Wagner ainda dirigiu críticas à imprensa, "que quer bater nos políticos em geral, para chafurdar os políticos todos na lama", e sugeriu a existência de uma "guerra de narrativas". "Eu nunca fui procurado, Vossa Excelência nunca foi procurado, mas a revista Veja foi procurada para fazer o escândalo, colocando Vossa Excelência e botando o PT da Bahia", completou.

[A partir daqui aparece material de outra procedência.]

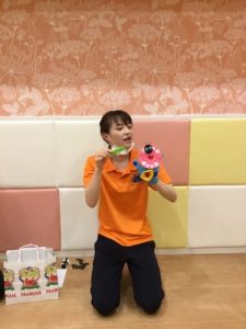 また、カバさんのお口を開き、お口の奥の歯は虫歯になりやすいため、しっかりママパパに磨いてもらうよう伝えました。

O senador também sugeriu que procuraria o diretor-geral da PF, Andrei Rodrigues, para saber "se essa coisa pode chegar a alguém para me acusar". "Eu quero saber também para poder me defender, porque, se for rejeitada a delação, ela deveria ter sido picotada em uma daquelas máquinas de picote, e não ser oferecida para quem quer que seja para fazer ataque a outras pessoas", explicou.

No fim do discurso, lamentou o clima de "tocar fogo no circo inteiro" criado em torno da delação de Vorcaro, por causa das conexões do banqueiro com autoridades dos Três Poderes. "Eu acho que a gente pode perder a razão se a gente for responder com leviandade. Eu acho que tem que ser investigado. Se tiver um culpado, que foi o criador da mentira, aí eu acho que tem que ser punido severamente."

PT defende Wagner

Em nota assinada pelo presidente nacional do PT, Edinho Silva, o partido saiu em defesa de Wagner, afirmando que o senador é "depositário de toda a nossa confiança".

A sigla também afirmou apoiar "todas as apurações envolvendo o Banco Master" e confiar que o parlamentar "esclarecerá todos os fatos, comprovando a sua inocência". Leia:

"O senador Jaques Wagner é depositário de toda a nossa confiança. Apoiamos todas as apurações envolvendo o Banco Master, a sociedade tem o direito de saber a verdade. Os crimes cometidos precisam ser apurados e os responsáveis penalizados. Nesse processo de investigação e apuração, temos confiança que o Jaques Wagner esclarecerá todos os fatos, comprovando a sua inocência."

Em nota enviada à imprensa, advogados de Augusto Lima afirmaram que "as diligências realizadas pela Polícia Federal nesta data eram desnecessárias" e que o empresário "está há seis meses à disposição das autoridades" e "sempre atuou nos limites da lei". Leia:

"As diligências realizadas pela Polícia Federal nesta data eram desnecessárias, uma vez que Augusto Lima está há seis meses à disposição das autoridades para esclarecer os fatos em apuração.

De todo modo, as medidas contribuirão para demonstrar que os fatos apurados nesta fase da investigação são rigorosamente lícitos.

Augusto Lima sempre atuou dentro dos limites da lei, com transparência, responsabilidade técnica e observância das normas que regem o sistema financeiro e a administração pública."